• **YOUR INSTRUCTIONS**
Images in the data are to be skipped, while every line is restated exactly as written.

• **DATA EXCERPT**
────────────────────────────────────────

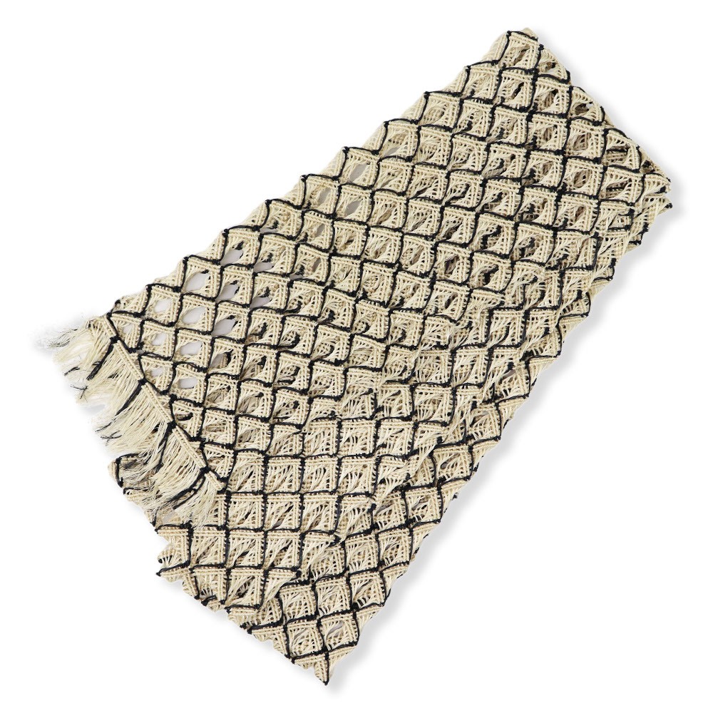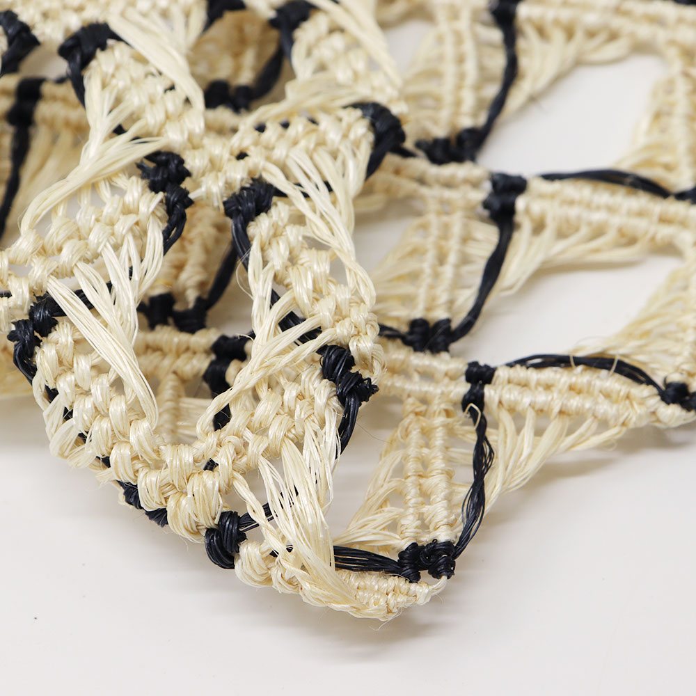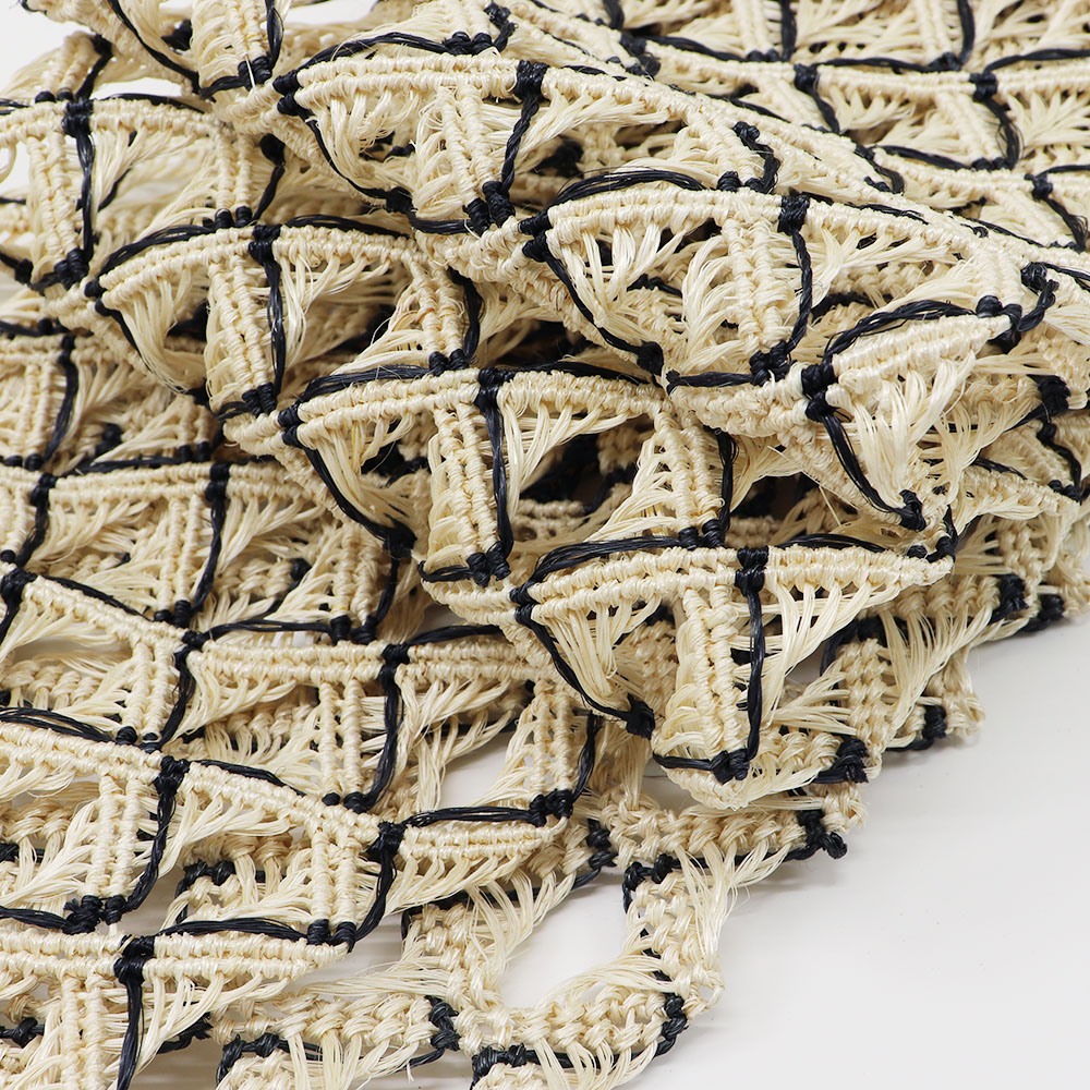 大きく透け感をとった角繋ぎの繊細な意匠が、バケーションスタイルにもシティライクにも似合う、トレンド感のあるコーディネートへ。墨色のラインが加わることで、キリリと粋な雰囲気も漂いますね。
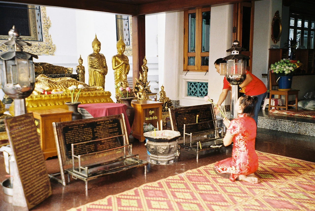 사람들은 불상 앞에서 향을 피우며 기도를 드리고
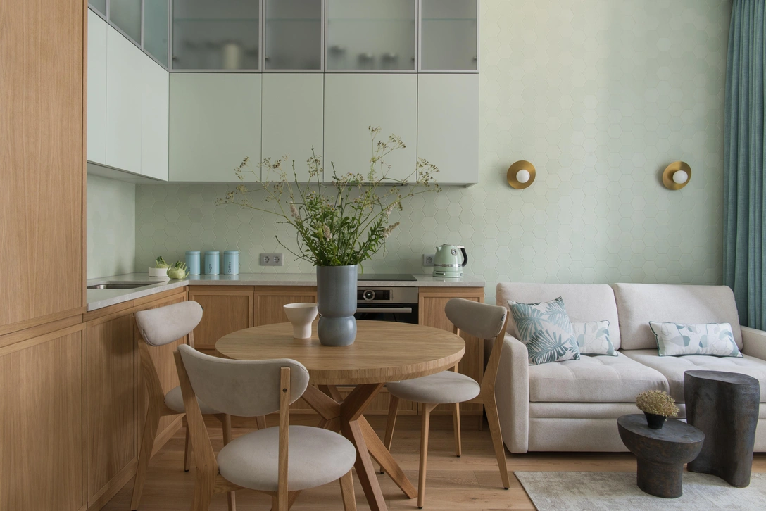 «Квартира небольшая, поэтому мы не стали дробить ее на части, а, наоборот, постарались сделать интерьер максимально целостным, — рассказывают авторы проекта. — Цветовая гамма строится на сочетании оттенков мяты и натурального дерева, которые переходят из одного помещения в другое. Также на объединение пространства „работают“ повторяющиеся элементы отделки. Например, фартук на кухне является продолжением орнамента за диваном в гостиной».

────────────────────────────────────────

• **TASK RESULT**
 大きく透け感をとった角繋ぎの繊細な意匠が、バケーションスタイルにもシティライクにも似合う、トレンド感のあるコーディネートへ。墨色のラインが加わることで、キリリと粋な雰囲気も漂いますね。
 사람들은 불상 앞에서 향을 피우며 기도를 드리고
 «Квартира небольшая, поэтому мы не стали дробить ее на части, а, наоборот, постарались сделать интерьер максимально целостным, — рассказывают авторы проекта. — Цветовая гамма строится на сочетании оттенков мяты и натурального дерева, которые переходят из одного помещения в другое. Также на объединение пространства „работают“ повторяющиеся элементы отделки. Например, фартук на кухне является продолжением орнамента за диваном в гостиной».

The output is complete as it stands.